━━━ Provided data
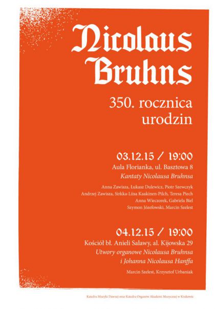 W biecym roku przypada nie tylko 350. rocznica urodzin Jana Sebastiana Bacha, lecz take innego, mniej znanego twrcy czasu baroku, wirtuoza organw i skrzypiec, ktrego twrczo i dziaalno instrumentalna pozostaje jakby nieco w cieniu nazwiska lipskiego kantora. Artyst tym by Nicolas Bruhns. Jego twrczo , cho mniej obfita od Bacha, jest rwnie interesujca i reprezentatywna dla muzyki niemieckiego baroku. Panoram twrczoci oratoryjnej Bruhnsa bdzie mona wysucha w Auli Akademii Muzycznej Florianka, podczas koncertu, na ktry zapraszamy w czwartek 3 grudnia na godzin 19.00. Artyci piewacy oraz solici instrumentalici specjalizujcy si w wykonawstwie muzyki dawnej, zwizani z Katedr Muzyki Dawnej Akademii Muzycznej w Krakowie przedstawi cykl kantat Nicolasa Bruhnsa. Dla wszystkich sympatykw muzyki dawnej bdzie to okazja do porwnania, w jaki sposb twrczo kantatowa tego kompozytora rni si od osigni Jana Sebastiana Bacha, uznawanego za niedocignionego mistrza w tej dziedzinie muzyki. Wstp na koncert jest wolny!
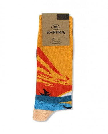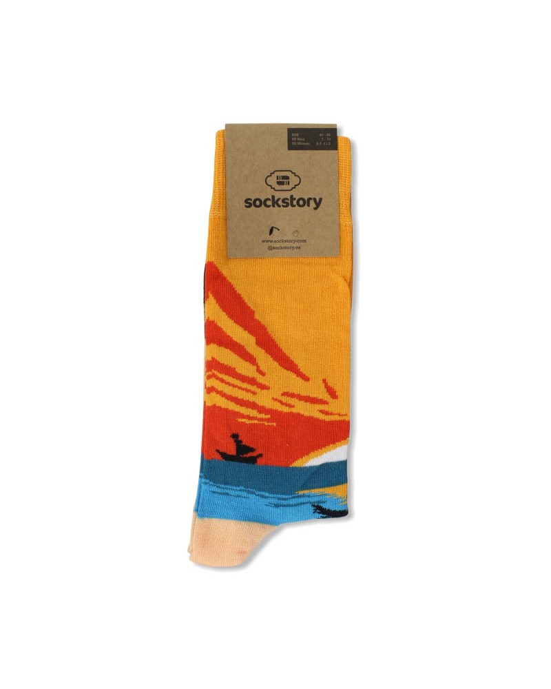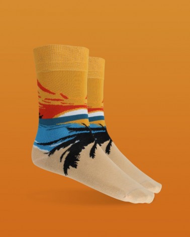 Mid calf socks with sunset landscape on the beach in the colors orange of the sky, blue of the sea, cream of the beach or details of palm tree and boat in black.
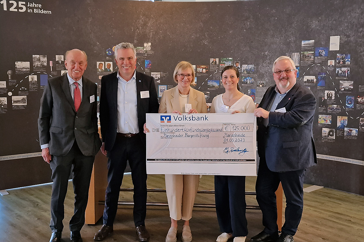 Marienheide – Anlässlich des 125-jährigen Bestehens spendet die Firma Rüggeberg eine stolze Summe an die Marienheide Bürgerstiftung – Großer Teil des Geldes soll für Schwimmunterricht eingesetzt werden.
━━━━━━
━━━ Provided data
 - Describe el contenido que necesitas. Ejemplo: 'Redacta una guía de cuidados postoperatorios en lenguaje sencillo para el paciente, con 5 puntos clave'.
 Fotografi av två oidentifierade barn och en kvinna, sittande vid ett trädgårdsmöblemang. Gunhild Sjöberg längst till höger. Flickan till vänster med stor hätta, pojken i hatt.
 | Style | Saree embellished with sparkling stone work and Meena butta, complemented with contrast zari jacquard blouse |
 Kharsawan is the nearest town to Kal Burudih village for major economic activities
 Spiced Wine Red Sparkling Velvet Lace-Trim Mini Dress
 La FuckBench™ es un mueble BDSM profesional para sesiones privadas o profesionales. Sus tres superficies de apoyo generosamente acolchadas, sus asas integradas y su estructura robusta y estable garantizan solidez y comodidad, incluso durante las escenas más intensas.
━━━━━━
━━━ Provided data
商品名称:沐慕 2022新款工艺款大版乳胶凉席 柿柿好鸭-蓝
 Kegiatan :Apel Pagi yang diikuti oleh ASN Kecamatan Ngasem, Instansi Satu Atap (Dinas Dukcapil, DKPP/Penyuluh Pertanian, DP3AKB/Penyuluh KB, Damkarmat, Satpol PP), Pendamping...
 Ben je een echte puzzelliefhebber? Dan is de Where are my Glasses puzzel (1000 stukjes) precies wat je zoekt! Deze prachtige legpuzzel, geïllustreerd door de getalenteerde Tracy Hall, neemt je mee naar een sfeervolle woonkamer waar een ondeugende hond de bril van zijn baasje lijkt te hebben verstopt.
━━━━━━
» **Activity**: Using the entries above, copy out all lines that contain the string "para".

» **Solution for this exercise**:
 - Describe el contenido que necesitas. Ejemplo: 'Redacta una guía de cuidados postoperatorios en lenguaje sencillo para el paciente, con 5 puntos clave'.
 La FuckBench™ es un mueble BDSM profesional para sesiones privadas o profesionales. Sus tres superficies de apoyo generosamente acolchadas, sus asas integradas y su estructura robusta y estable garantizan solidez y comodidad, incluso durante las escenas más intensas.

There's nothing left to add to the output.